2.4 Strategy Search File

  • search_dist.py: This file is primarily responsible for functions related to strategy search. Its contents are as follows:

if __name__ == '__main__':
    args = initialize_galvatron(model_args, mode='search')
    config = get_mymodel_config(args, overwrite_args=True)
    path = os.path.dirname(os.path.abspath(__file__))
    print(args)
    print(config)
    # Create an instance of the strategy search engine
    search_engine = GalvatronSearchEngine(args)
    
    # Set basic information for the search engine
    search_engine.set_search_engine_info(path, model_layer_configs(config), model_name(config))
    
    # Initialize the search engine
    search_engine.initialize_search_engine()

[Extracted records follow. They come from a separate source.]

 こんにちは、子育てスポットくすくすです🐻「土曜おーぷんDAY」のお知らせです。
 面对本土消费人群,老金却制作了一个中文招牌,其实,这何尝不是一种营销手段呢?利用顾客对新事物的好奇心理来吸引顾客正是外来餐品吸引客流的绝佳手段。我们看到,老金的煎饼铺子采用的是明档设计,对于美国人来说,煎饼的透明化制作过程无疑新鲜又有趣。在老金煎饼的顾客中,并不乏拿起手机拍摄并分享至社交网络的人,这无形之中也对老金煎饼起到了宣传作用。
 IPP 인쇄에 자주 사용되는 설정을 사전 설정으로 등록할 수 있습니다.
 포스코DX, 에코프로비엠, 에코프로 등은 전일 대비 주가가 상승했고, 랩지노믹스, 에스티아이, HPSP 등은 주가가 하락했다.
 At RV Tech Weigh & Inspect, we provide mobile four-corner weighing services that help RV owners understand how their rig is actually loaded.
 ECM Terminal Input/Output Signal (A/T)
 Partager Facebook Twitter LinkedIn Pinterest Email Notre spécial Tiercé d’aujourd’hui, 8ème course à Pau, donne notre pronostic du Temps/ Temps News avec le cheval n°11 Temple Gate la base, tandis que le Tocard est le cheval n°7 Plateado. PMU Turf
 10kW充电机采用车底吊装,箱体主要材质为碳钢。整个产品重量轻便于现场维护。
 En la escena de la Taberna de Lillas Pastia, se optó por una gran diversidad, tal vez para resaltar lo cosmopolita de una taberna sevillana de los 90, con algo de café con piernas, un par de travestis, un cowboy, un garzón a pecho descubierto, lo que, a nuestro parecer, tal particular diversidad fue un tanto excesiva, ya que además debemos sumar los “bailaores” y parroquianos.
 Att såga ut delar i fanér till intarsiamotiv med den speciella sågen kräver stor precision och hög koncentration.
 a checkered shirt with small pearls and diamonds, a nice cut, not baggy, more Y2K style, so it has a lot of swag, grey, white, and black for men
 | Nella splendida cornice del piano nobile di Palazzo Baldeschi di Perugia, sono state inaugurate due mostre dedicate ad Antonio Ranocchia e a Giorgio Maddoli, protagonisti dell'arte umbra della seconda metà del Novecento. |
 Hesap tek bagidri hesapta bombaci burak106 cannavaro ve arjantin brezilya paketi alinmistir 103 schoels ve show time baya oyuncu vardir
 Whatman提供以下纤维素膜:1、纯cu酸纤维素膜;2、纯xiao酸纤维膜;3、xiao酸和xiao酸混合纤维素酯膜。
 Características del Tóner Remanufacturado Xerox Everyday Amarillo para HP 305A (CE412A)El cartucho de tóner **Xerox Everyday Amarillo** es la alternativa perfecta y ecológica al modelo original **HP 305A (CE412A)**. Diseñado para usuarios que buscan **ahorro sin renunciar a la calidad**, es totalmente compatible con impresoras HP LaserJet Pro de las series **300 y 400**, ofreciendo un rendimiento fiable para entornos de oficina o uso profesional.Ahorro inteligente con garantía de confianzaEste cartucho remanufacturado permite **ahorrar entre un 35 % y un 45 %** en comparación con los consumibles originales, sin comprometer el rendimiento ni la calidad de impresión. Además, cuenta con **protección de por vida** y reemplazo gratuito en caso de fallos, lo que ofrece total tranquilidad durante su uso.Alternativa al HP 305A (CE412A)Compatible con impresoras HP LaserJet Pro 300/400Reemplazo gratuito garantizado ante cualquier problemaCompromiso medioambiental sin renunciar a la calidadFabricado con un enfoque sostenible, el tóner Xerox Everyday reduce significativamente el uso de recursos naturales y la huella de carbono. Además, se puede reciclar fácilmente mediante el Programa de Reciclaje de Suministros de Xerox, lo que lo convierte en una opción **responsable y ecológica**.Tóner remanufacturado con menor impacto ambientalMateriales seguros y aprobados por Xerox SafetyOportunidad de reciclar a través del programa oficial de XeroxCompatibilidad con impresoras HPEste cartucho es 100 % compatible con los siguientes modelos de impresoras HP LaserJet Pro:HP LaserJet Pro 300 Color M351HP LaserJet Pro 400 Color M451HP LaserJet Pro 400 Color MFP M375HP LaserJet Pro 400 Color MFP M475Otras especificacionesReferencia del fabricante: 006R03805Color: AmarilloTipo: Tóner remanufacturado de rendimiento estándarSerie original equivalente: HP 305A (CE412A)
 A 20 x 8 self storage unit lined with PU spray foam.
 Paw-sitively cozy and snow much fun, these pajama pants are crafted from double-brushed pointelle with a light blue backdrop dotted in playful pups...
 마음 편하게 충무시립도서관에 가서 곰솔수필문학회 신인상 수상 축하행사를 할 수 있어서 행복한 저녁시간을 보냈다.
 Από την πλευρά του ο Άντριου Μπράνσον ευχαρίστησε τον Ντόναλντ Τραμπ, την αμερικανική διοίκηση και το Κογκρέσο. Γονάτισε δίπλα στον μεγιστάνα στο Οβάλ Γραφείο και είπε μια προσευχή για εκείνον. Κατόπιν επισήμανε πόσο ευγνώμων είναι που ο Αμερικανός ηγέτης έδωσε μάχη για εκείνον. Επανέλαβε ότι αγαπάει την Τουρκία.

    # Perform strategy search
    search_engine.parallelism_optimization()

3 Script Files

The scripts folder mainly contains script files used to implement model training, performance analysis, strategy search, and other functions.

It mainly includes five different scripts:

  • profile_computation.sh: Used for performance analysis, calculating the computational performance of the model under different configurations.

  • profile_memory.sh: Used for performance analysis, calculating the memory usage of the model under different configurations.

  • search_dist.sh: Used for strategy search, finding the optimal strategy for the model under different configurations.

  • train_dist.sh: Used for model training.

  • train_dist_random.sh: Used for model training with random data.